Sadly, not everyone could hear the difference.

Of course, the quality of music on CD has improved a lot over the years and we now know a lot more about how music behaves in the digital realm than we did thirty years ago. But, truth be told, I never loved the format.

Shoehorned Into Digital

Throughout the early 90s consumers were soon given little choice but to switch over to CD, especially in Australia, where I lived at the time. Like many music fans the experience of being forced into an inferior and more expensive format left a sour taste in the mouth.

As bad as CDs were, MiniDisc (MD) was worse.
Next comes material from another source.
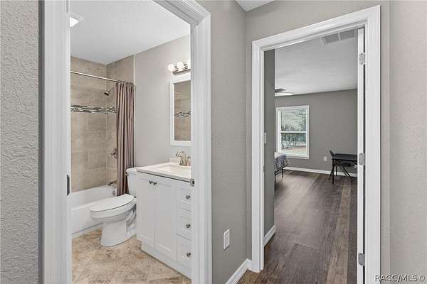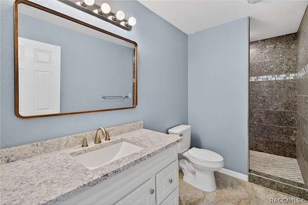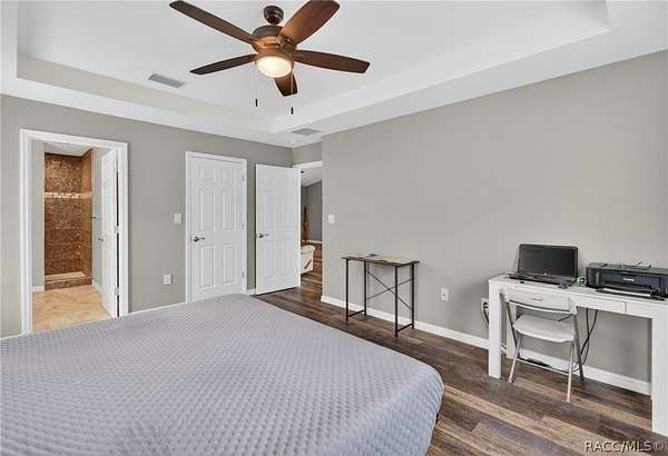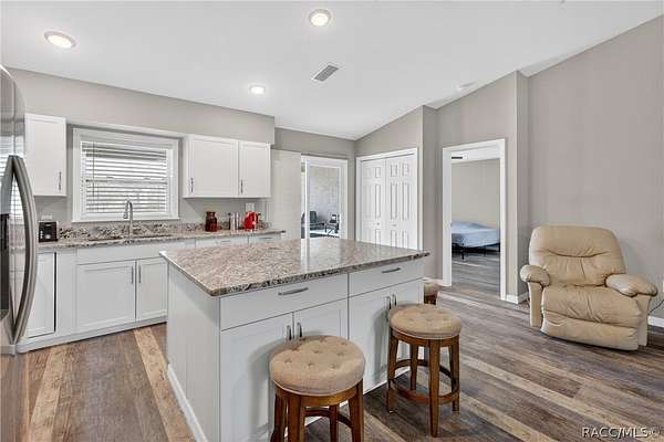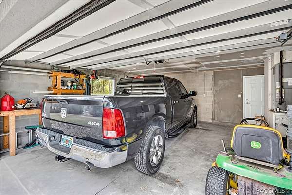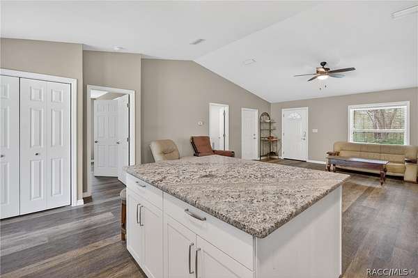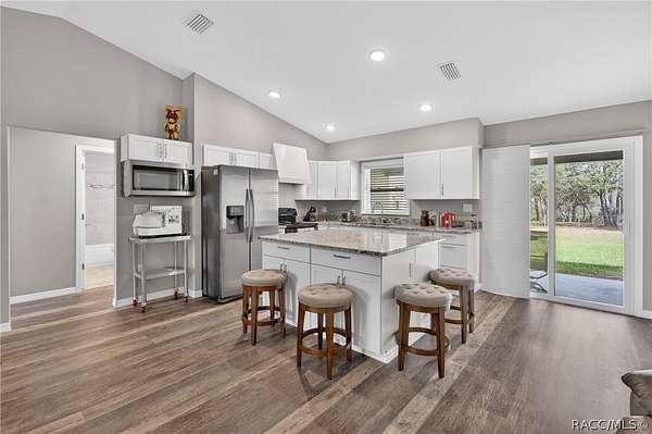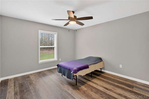 Built in 2021, this modern home offers an open floor plan with a spacious living area and an eat-in island kitchen featuring stainless steel appliances, granite countertops, and abundant cabinet space. Luxury vinyl plank flooring and ceiling fans run throughout the home. The expansive primary suite includes a tray ceiling, walk-in closets, and a custom-tiled walk-in shower, while the guest bath offers a tub/shower combo. Relax on your large covered open patio overlooking 2.34 private acres in a quiet area with minimal traffic. Fully fenced with a double gate. Lots of nature surrounding, birds, gorgeous Live Oaks and beautiful Azaleas in bloom right now. Conveniently located just one mile from Lowe's and Walmart, with easy access to SR 589 and I-75. Enjoy nearby boating, manatee encounters, and the best of Florida's Nature Coast

An attempt at a digital version of cassettes, the format was eventually killed by its cost, poor sound, limited interest from consumers and the eventual rise of MP3.

And, while I was relatively quick to jump on the iPod trend, I was half-hearted about loading my whole catalogue into iTunes or buying music digitally. The original 128 kbit/s AAC sounded terrible to my ears and while the current 256 kbit/s on offer is much better, it’s still not all that great.

Today I have about 40% of my music library in iTunes, all of it ripped at 320 kbit/s AAC, which I consider to be the lowest acceptable quality for casual listening while travelling. Of course, it’s a compromise for the sake of saving some space and giving me a wide choice of music on my iPhone.

A Digital Future

While files compressed at 256 kbit/s or 320 kbit/s are OK for occasional listening, they still don’t match CD quality, which is why I’ve been very reluctant to buy digital downloads.

However, the new Mastered for iTunes standards can give us hope that in the future companies like Apple will be in a position to deliver files at far higher quality standards than current downloads, higher than CD in fact!

Moreover, it should be pointed out the music originally created for vinyl was engineered to work best on that format. Many of the bass and sub-bass heavy genres that have evolved in recent years were made possible (for better or worse) by the extended low end available on digital formats. And high quality digital may also continue to be the best format for some kinds of classical and ambient music as well as spoken word performances.

How I’m Listening Today

My studio monitors, the SE Munro Egg150 are specifically designed for music production. However, they also have inputs (and an EQ setting) for conventional HiFi equipment. So, I’m running a Pro-Ject Debut Carbon turntable as my primary listening device alongside my desk for audio work (I still have a CD player in my Mac Pro, if required).

One of the first things you learn, as you get into audio production is to to develop a good set of “reference” material. This means songs and albums that are not just personal favourites, but ones that are clearly exceptional in terms of production and sound quality.

Listening again and again to your reference material, trains your ear in terms of good sound and helps you make decisions about which gear to buy and how to adjust it in the studio. As acclaimed designer and engineer Rupert Neve puts it,

Inevitably our data bank of “natural” sound is built up on the basis of our personal experience and this must surely emphasize the importance of listening to “natural” sound, and high quality musical instruments within acoustic environments that is subjectively pleasing so as to develop keen awareness that will contribute to a reliable data bank…

…Memory and knowledge of real acoustic and musical events may be the biggest tool and advantage any recording engineer may possess.

Everything we are learning about music cognition suggests our brains rewire themselves over time, based on what we listen to and how we listen to it. If you love music and hope to make music, then you owe it to yourself to listen to music under the best conditions you can manage, because you are actually programming yourself for the moments when you will come to make music.

Music to me sounds best when it is warm, wide and focussed, like a good vinyl recording. Vinyl is my truth; a beautifully deceptive and imperfect truth.